If it matters, its a fox dhx coil in a santa cruz heckler.

 Thanks!


----------



## mtnbiker72 (Jan 22, 2007)

a. might help in installing bushing into eyelet, but not a necessity
b. no
c. a little won't hurt, but also not a necessity


----------



## RockyRider (Nov 21, 2004)

dwyooaj said:


> hey all-
> when putting new bushings and reducers in a shock am i supposed to apply grease:
> a: between bushing outer surface and shock eyelet;
> 
> ...


It is spendy stuff but I always put a tiny bit of Dupont Krytox GPL 226 on the eyelet and bushings when putting them in. It doesn't reallly attract dust, doesn't wash out, and has more than tripled the life of my bushings so far. But again- a 1 ounce tube will probably run you about $30. I only use it in head set races and places that usually don't get much attention.


----------



## tscheezy (Dec 19, 2003)

The DU bushings (the metal sleeves) should be pressed into the shock body eyelets dry. They should never move during normal operation and will go in fine with the correct pressing tools with no help from grease.
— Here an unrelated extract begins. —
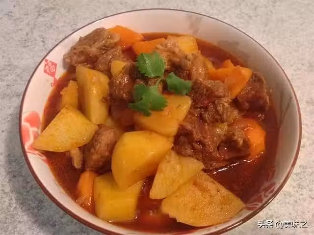 6、同時放入土豆和胡蘿蔔(很多人喜歡在牛肉快燉好後再放,我這裡推薦大家一開始就放,這樣土豆和胡蘿蔔能更好的入味,吸滿湯汁,而且土豆和胡蘿蔔遠比你想像中的耐煮)。

Never grease the inside of said bushings where they touch the aluminum reducers, unless you have some special dry lube like RR mentioned.

The frame/reducer interface should also not move, so greasing this is not really helpful in anyway that I can see.


----------



## Jamie @ WickedAdrenaline (Aug 14, 2006)

Most DU bushings (in fact, all factory stock versions that I know of) are made of soft lead and teflon infiltrated brass or bronze, which makes them self lubricating, but also causes them to wear out fast in a mountain bike application. It only make sense to lubricate surfaces which have relative motion (surface between bushing ID and reducer OD) but then you run the risk of just attracting more dust and sand to increase wear of the soft bushing and reducer. Unless you use the $30 NASA grade stuff.  

It makes sense to me to use harder, more wear resistant materials and not have to replace them every year or so. Just say no to the same old throw away stuff from Fox.


----------



## dwyooaj (Dec 14, 2006)

Jamie @ WickedAdrenaline said:


> . It only make sense to lubricate surfaces which have relative motion (surface between bushing ID and reducer OD) but then you run the risk of just attracting more dust and sand to increase wear of the soft bushing and reducer. Unless you use the $30 NASA grade stuff.
> It makes sense to me to use harder, more wear resistant materials and not have to replace them every year or so. Just say no to the same old throw away stuff from Fox.


Jamie, thanks for the info. Where do i get the harder, more wear resistant bushings
and reducers?


----------



## Jamie @ WickedAdrenaline (Aug 14, 2006)

I actually have a design and prototype on my bike now. If you are interested, tell me your bike and shock (make, model, and year) and if you know, the dimensions of your bushing (diameters and length) and reducer length.

The design takes advantage of a very hard yet inherenlty lubricious bronze bushing and a very hard wear resistant chrome plated steel reducer. Sorry, it will add a few grams weight..........


----------